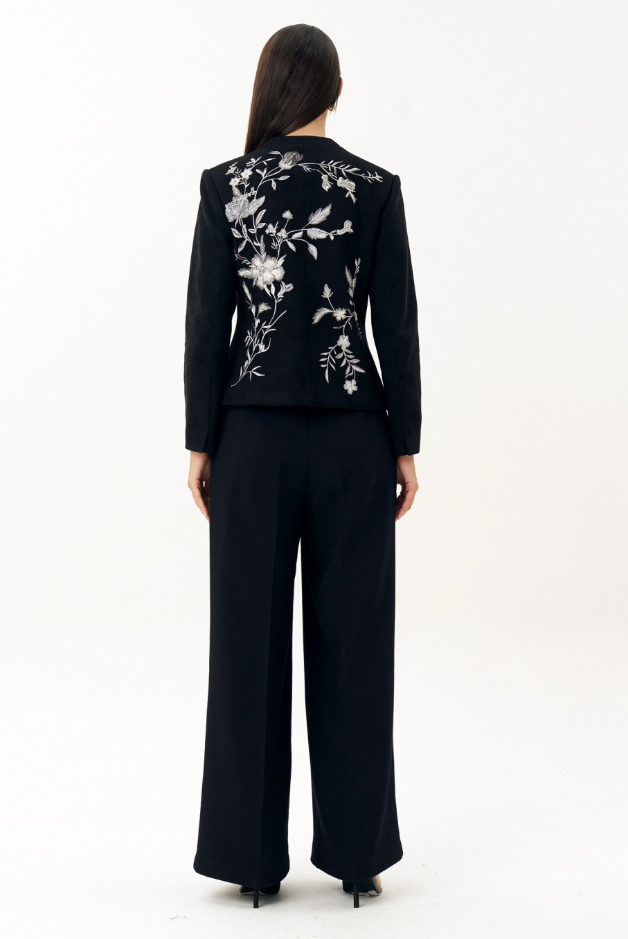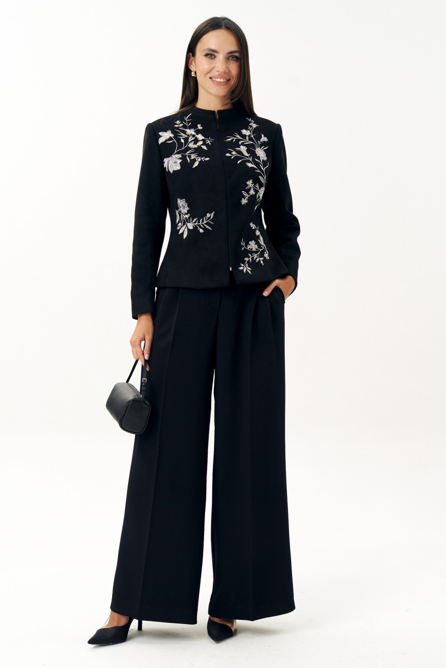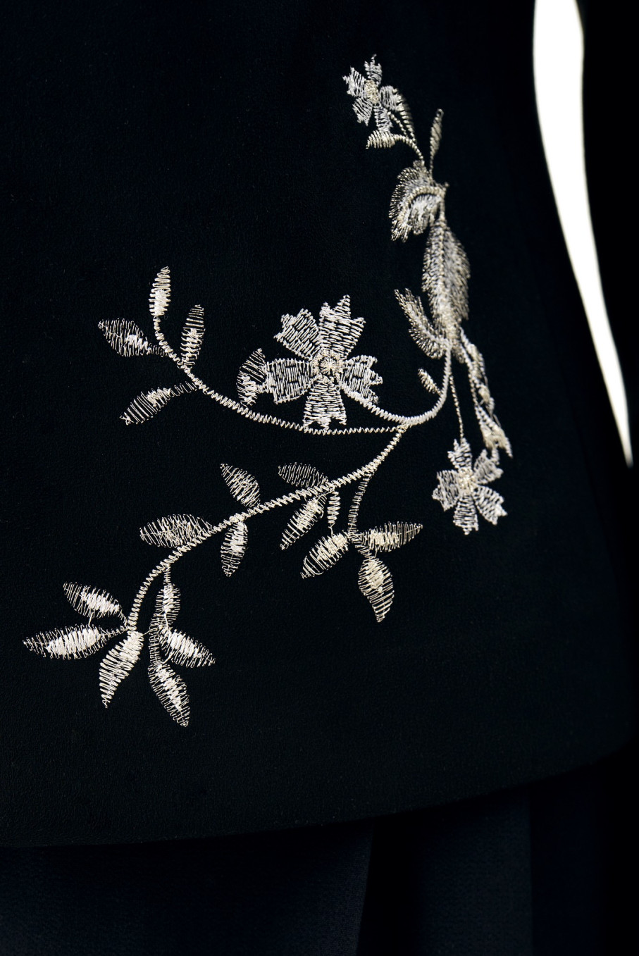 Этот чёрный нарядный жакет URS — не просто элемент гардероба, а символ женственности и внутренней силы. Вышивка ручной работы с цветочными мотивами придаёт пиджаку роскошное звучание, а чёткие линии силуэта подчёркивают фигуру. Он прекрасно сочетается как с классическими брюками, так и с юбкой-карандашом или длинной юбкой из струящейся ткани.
---
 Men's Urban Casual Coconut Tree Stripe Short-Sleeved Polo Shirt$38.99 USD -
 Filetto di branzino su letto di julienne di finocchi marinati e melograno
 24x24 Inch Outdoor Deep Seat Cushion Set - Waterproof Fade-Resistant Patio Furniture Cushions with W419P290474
* * *
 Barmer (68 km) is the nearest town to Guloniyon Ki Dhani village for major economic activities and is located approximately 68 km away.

— YOUR GOAL —
Each line in the listing above from the one containing "Filetto di branzino" through the one containing "24x24 Inch Outdoor" should be repeated exactly, and no other line.

— SOLUTION TO THE EXERCISE —
 Filetto di branzino su letto di julienne di finocchi marinati e melograno
 24x24 Inch Outdoor Deep Seat Cushion Set - Waterproof Fade-Resistant Patio Furniture Cushions with W419P290474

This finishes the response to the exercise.